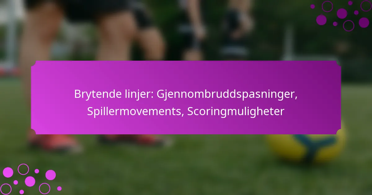 Å bryte linjer i fotball er essensielt for å omgå forsvar og skape scoringsmuligheter. Dette innebærer bruk av gjennombruddspassninger som retter seg mot rom bak forsvarerne, noe som gjør at spillerne kan avancere raskt. Effektiv spillerbevegelse forbedrer ytterligere denne strategien ved å skape plass og legge til rette for avgjørende pasninger, noe som til slutt øker sjansene for å score.
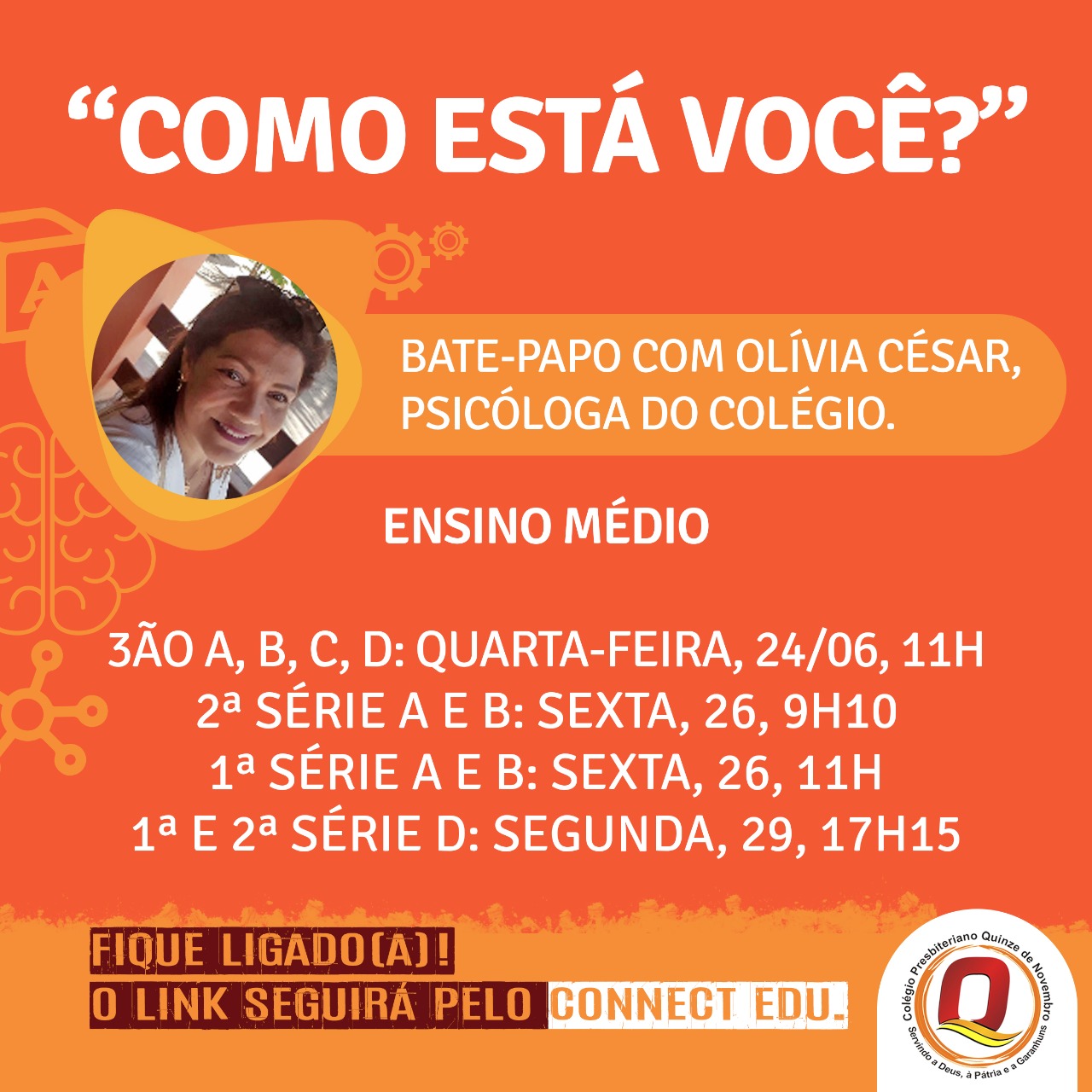 "COMO ESTÁ VOCÊ?" BATE PAPO COM OLÍVIA CÉSAR, PSICÓLOGA DO COLÉGIO
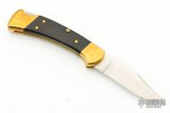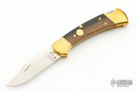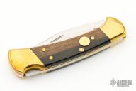 This BUCK 112 is an automatic conversion. It is the real deal. Beautiful piece with brass bolsters and dark wood scales. Trigger button is on the A side and is brass. Strong action. Has a scratch on one of the scales, otherwise excellent condition. Comes with a zippered case.
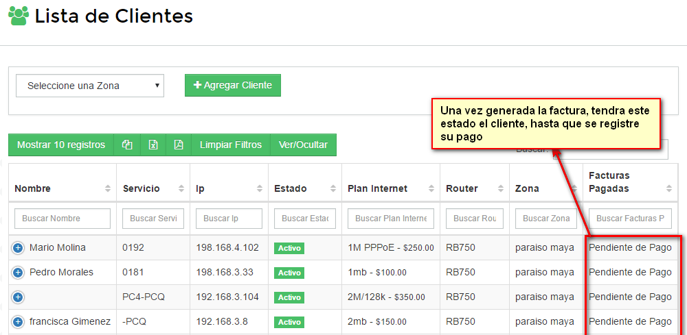 A los clientes que se generó factura, tendran el estado Pendiente de pago hasta que realicen su pago.
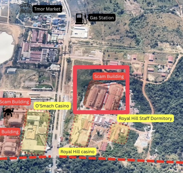 ในพื้นที่ที่เป็นโอเสม็ดคาสิโนรีสอร์ทและ Royal hill casino and resort พบว่ามีอาคารส่วนหนึ่งที่ถูกสร้างขึ้นมาไม่นานมานี้ถูกใช้เป็นฐานของพวก Scammer จากภาพข่าวที่เผยแพร่ออกมาพบว่า มีการตกแต่งห้องต่างๆให้เป็นสถานีตำรวจของนานาประเทศ เช่น จีน สิงคโปร์ ออสเตรเลีย บราซิล เวียดนามและยังพบกระดานที่มีข้อความภาษาอินโดนิเซีย ซึ่งเข้าใจว่ามีคนอินโดนิเซียส่วนหนึ่งเป็นเหยื่อของพวกชั่วเหล่านี้ รวมไปจนถึงตกแต่งเลียนแบบธนาคาร
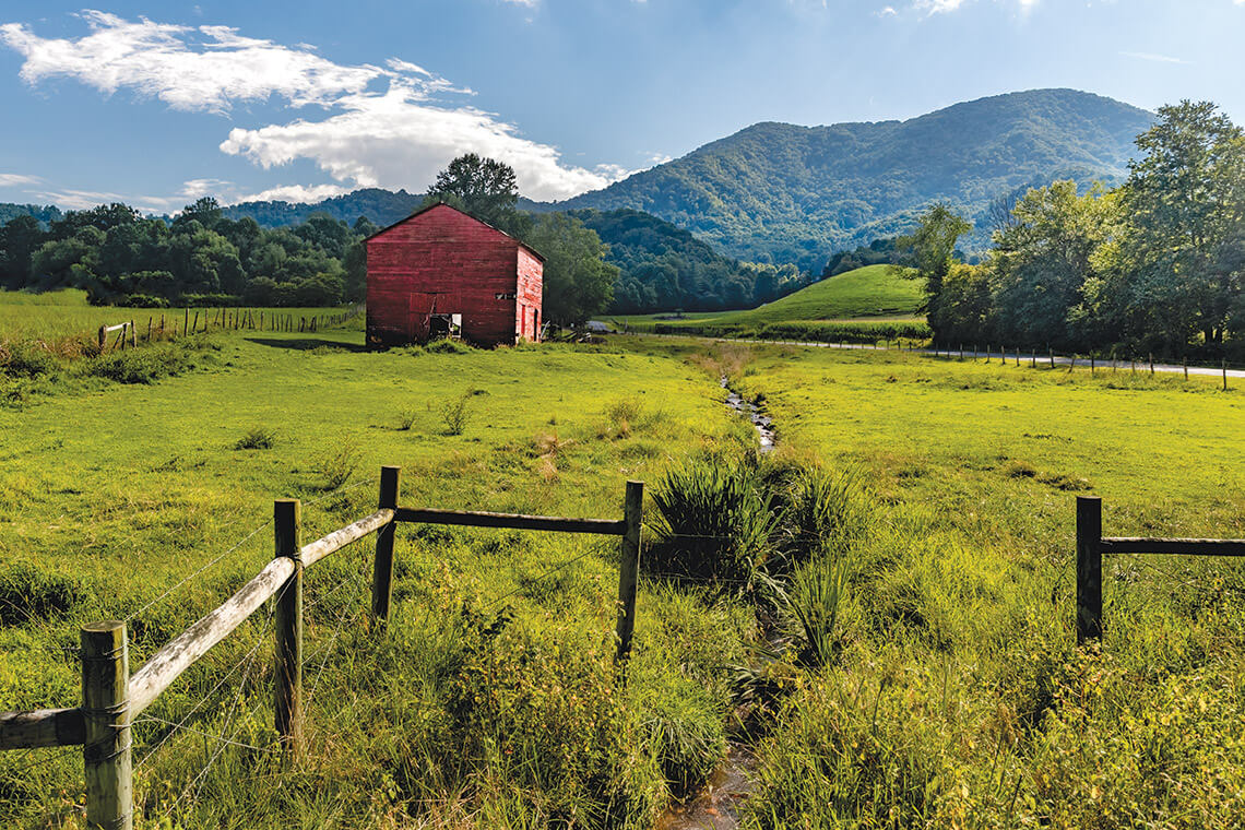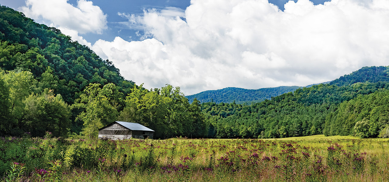 “It’s a magical place,” Wayne Caldwell says of this stretch of land in Haywood County. He’s the author of the novel Cataloochee, but also a descendant who often arrives in August to sing and hear the bell with the other reunion-goers. It’s easy to see the magic. Everything is awash in and enveloped by green, as if there were no other colors in the palette. If you climb a ridgeline to find a good view, the mountains beyond are blurred and hazy as if in a dream. Behind every sound is the call of a stream.
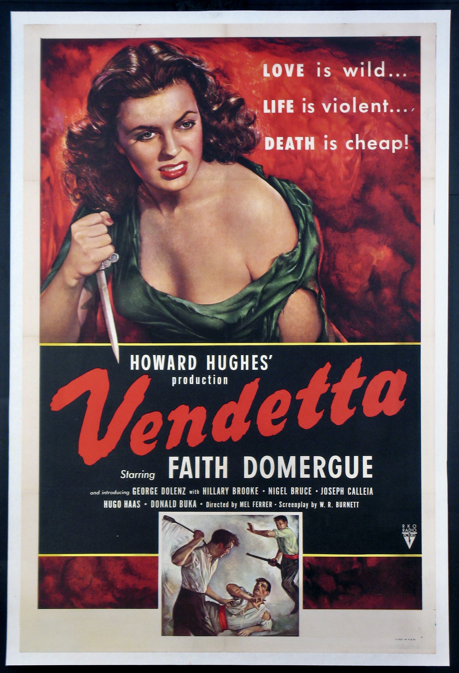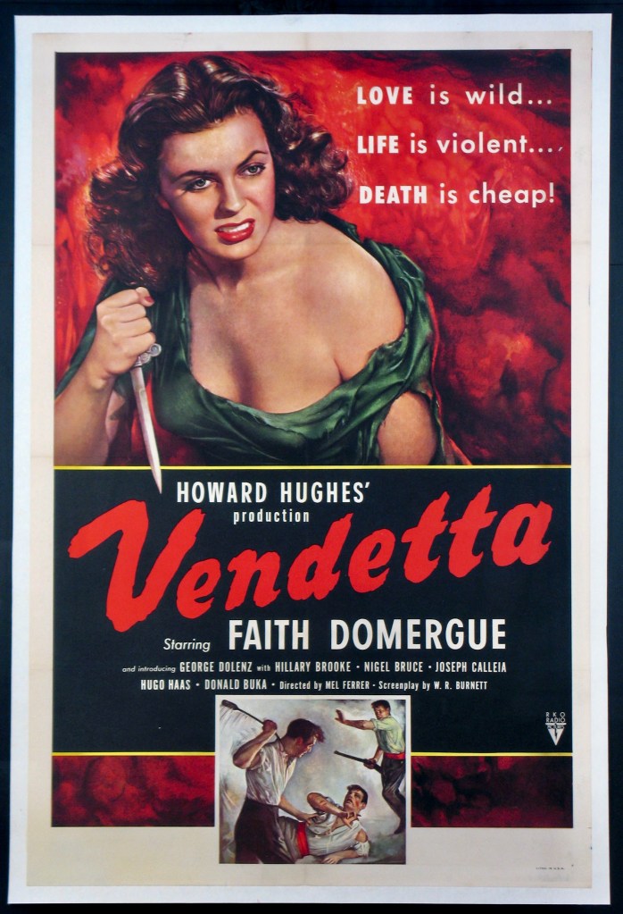 Ophuls was originally hired to direct Vendetta, a florid melodrama starring Faith Domergue, Hughes’s newest protégé. The director worked on Vendetta for eleven weeks – it was supposed to be his American film debut – before being fired by Hughes for his slow shooting process and his direction of the fledging actress (it was only her third film and she had the starring role). Hughes also disliked working with “foreigners” and he referred to Ophuls as “the oaf.” The film went through other uncredited directors such as Stuart Heisler and Preston Sturges before Mel Ferrer was brought in to complete the picture. As a result, Vendetta wasn’t released until 1950 but Ophuls’ experience of working with Hughes was such a nightmare for him that the Smith Ohlrig character in Caught became an avatar for the infamous mogul.
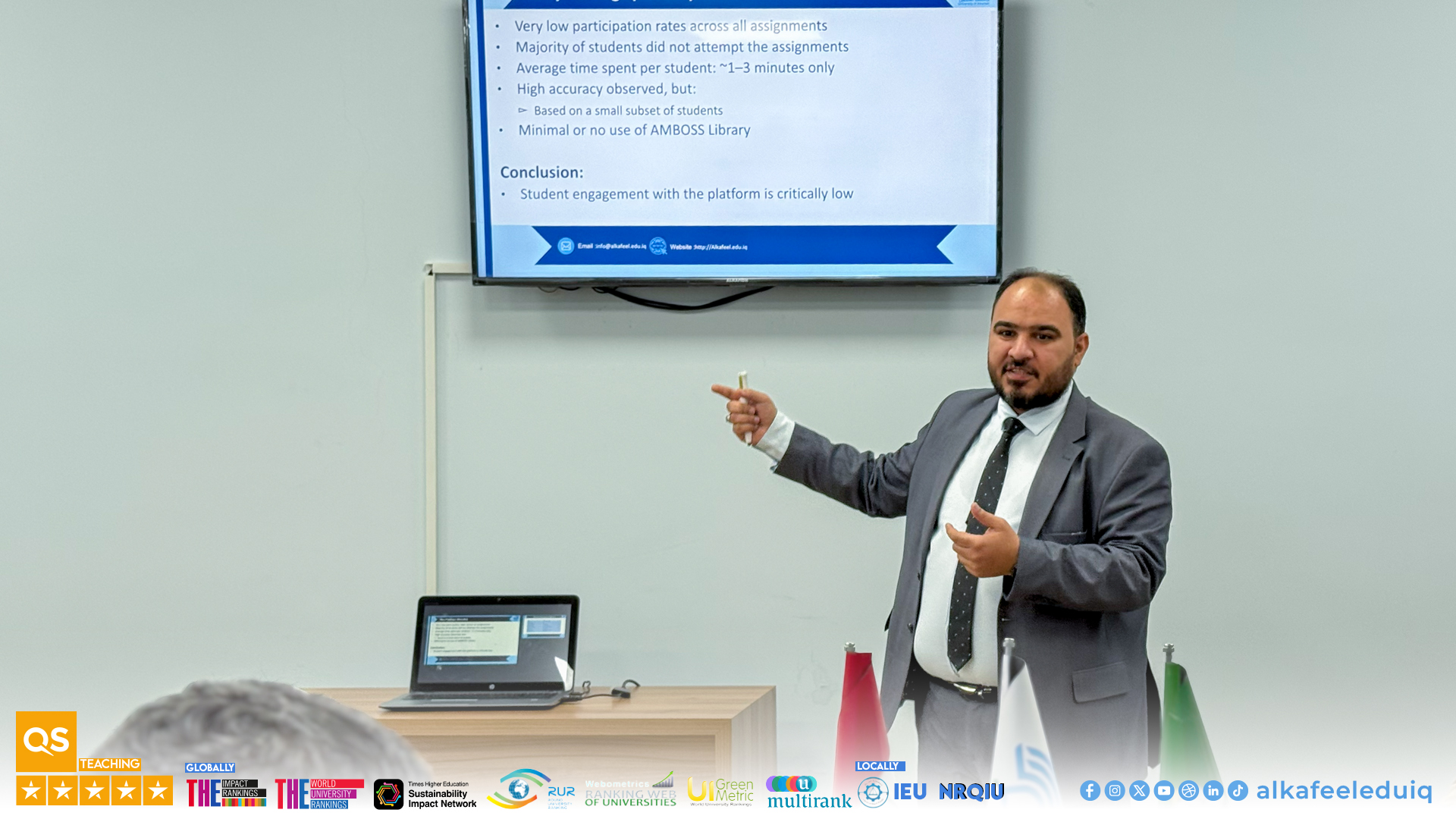 The College of Medicine at University of Alkafeel organized a scientific workshop : “Using Digital Educational Platforms in Medical Education,” presented by Asst. Lect. Ghufran Abdul-Ilah Jawad and Asst. Lect. Ghaith Hassan Alwan, on Wednesday, 1 April 2026, with the participation of a number of faculty members. The workshop aimed to develop the skills of the faculty members in using digital educational platforms and to promote their systematic integration into the educational process, thereby contributing to improved teaching quality and academic interaction.

★ ★ ★

#### [ASSIGNED TASK]
Given the listing above, repeat exactly the lines starting at the one with "This BUCK 112" and ending at the one with "ในพื้นที่ที่เป็นโอเสม็ดคาสิโนรีสอร์ทและ Royal hill", inclusive, excluding pictures.

#### [REPLY TO THE TASK]
 This BUCK 112 is an automatic conversion. It is the real deal. Beautiful piece with brass bolsters and dark wood scales. Trigger button is on the A side and is brass. Strong action. Has a scratch on one of the scales, otherwise excellent condition. Comes with a zippered case.
 A los clientes que se generó factura, tendran el estado Pendiente de pago hasta que realicen su pago.
 ในพื้นที่ที่เป็นโอเสม็ดคาสิโนรีสอร์ทและ Royal hill casino and resort พบว่ามีอาคารส่วนหนึ่งที่ถูกสร้างขึ้นมาไม่นานมานี้ถูกใช้เป็นฐานของพวก Scammer จากภาพข่าวที่เผยแพร่ออกมาพบว่า มีการตกแต่งห้องต่างๆให้เป็นสถานีตำรวจของนานาประเทศ เช่น จีน สิงคโปร์ ออสเตรเลีย บราซิล เวียดนามและยังพบกระดานที่มีข้อความภาษาอินโดนิเซีย ซึ่งเข้าใจว่ามีคนอินโดนิเซียส่วนหนึ่งเป็นเหยื่อของพวกชั่วเหล่านี้ รวมไปจนถึงตกแต่งเลียนแบบธนาคาร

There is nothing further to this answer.